ABSTRACT

I Like the hamburger, Star Wars can be consumed by all the family, from the youngest to the oldest of both sexes. It is less a novel than a market strategy designed to scoop up as much cash and pocket money as possible. It was helped in this aim by the commercial fact that in modern America there is virtually no product which cannot be copyrighted, patented, registered under a trademark, sponsored or franchised. The consumer could watch, read, listen to, drink, or play with Star Wars products. It came as a Twentieth Century Fox film, and a range of book, pictorial and print items, from the Ballantine and Random House division of the RCA conglomerate. LP records and myriad wall posters, comics, drinks, drink vessels, toy laser guns, models, board games etc. were everywhere to be had.

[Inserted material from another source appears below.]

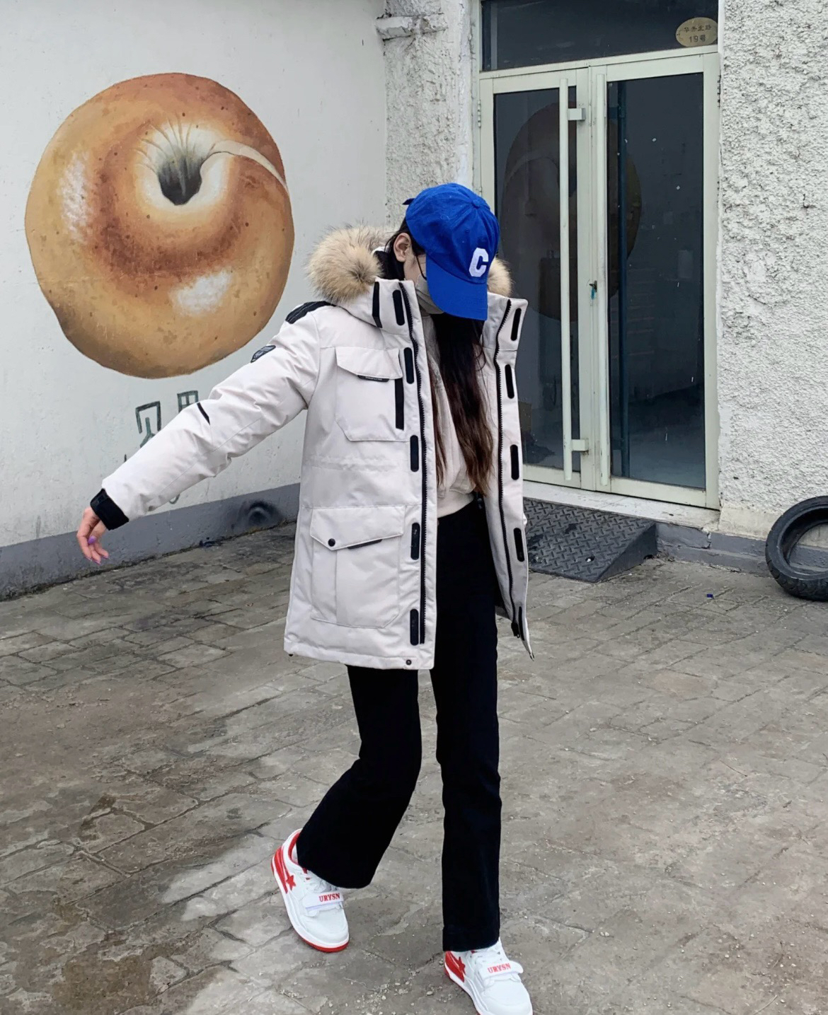 一件超有分量感,拿在手里也是沉甸甸的,内里填充白鸭绒,远用大绒朵可隔绝外部的温度影响,保住自身的温度,横格填充,保证每一格的充绒量均匀填充,就像穿上了一个柔软的“鸭绒被”,保暖效果满分!超大可拆卸毛领,真动物毛领貉子毛,天然的,蓬松度绝了,刮风天拉上连帽,从头暖到脖子,拍照自带氛围感,摘掉又是清爽利落的日常款!

In 1978 one could even buy Darth Vader ice-lollies, a fraction of whose price-like all the rest of the brand-named commodities-found their way back to the ‘Star Wars Corporation’. A whole thematic industry was set up on the Star Wars logo (t.m. TCF. Twentieth Century Fox went so far as to protect by trademark characters’ names, like ‘Chewbacca’). Its turnover was incalculable; but by 1979 the film alone was estimated to have made getting on for $200 m. on its modest $6½ m. production costs.